_WORK TO BE COMPLETED_:
Both the line with "m2 | R3 611 |" and the line with "Lotto composto da" in the records below must appear in the output, along with every line between them, exactly and with nothing added.

_DATA EXTRACT_:
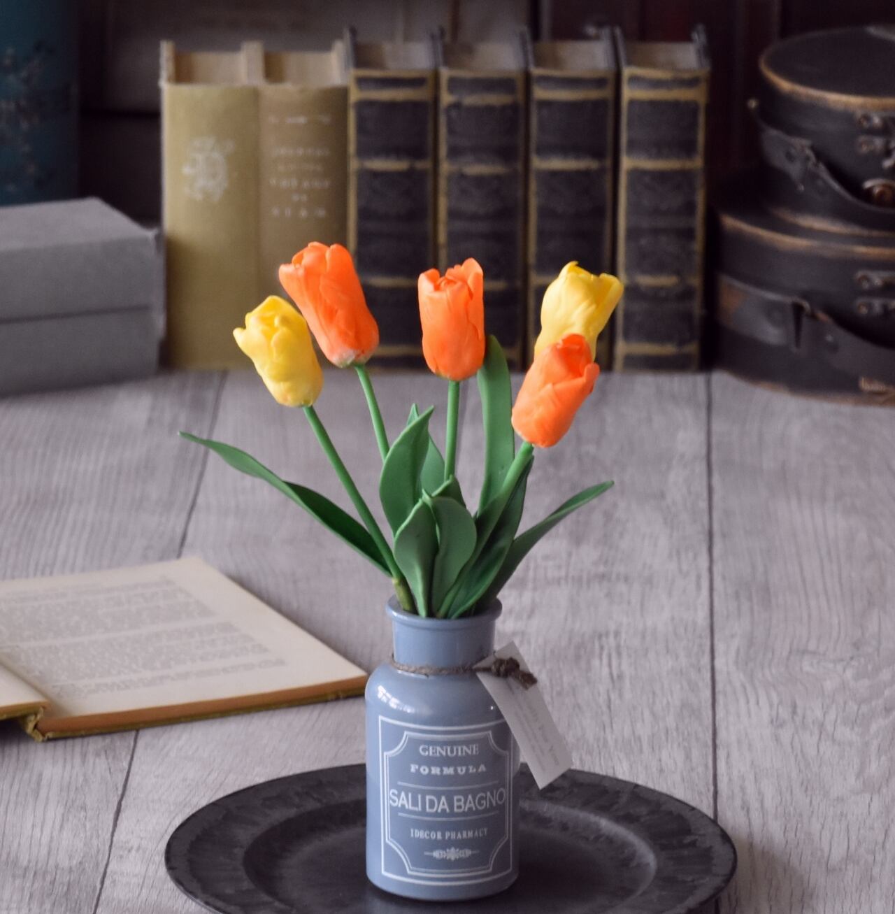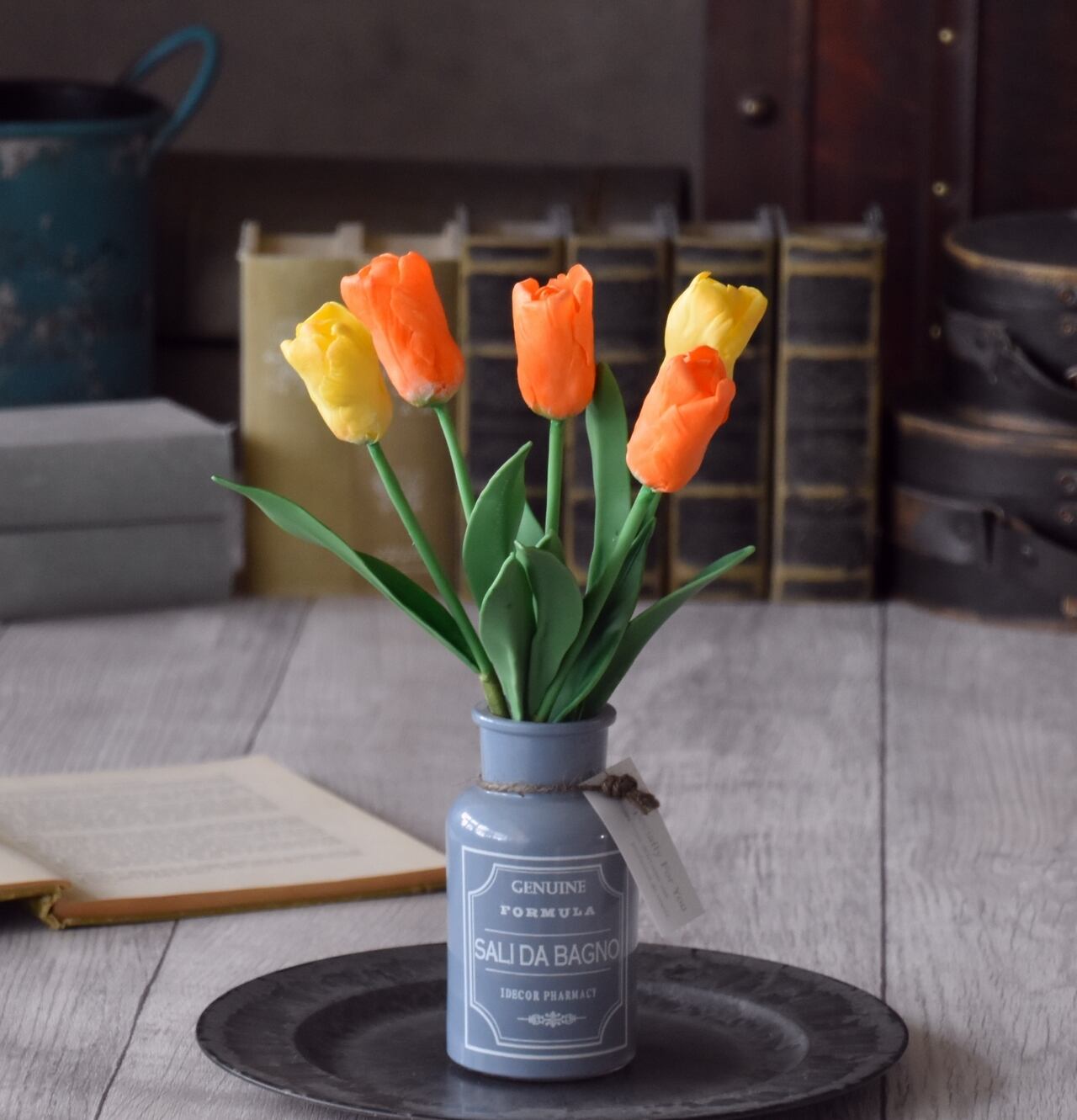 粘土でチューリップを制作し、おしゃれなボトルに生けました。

---

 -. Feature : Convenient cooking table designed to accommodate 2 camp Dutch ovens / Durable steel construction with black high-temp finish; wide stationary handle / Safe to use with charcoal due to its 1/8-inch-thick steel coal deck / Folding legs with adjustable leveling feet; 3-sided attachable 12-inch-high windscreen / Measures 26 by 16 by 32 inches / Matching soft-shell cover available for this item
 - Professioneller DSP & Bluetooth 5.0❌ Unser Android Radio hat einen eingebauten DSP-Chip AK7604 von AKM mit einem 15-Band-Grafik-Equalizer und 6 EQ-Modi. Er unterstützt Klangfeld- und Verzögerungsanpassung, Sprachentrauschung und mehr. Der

==

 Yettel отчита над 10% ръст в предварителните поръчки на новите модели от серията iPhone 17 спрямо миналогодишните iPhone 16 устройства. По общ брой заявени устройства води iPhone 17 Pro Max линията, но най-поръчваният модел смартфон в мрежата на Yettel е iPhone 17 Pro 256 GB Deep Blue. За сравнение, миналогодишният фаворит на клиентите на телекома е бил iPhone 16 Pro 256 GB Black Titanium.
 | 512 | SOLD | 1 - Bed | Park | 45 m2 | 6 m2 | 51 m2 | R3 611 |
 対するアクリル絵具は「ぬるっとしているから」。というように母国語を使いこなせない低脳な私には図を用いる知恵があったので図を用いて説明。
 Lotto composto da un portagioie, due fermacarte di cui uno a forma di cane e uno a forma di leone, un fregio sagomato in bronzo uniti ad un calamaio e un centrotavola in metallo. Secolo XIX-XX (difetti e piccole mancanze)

_TASK SOLUTION_:
 | 512 | SOLD | 1 - Bed | Park | 45 m2 | 6 m2 | 51 m2 | R3 611 |
 対するアクリル絵具は「ぬるっとしているから」。というように母国語を使いこなせない低脳な私には図を用いる知恵があったので図を用いて説明。
 Lotto composto da un portagioie, due fermacarte di cui uno a forma di cane e uno a forma di leone, un fregio sagomato in bronzo uniti ad un calamaio e un centrotavola in metallo. Secolo XIX-XX (difetti e piccole mancanze)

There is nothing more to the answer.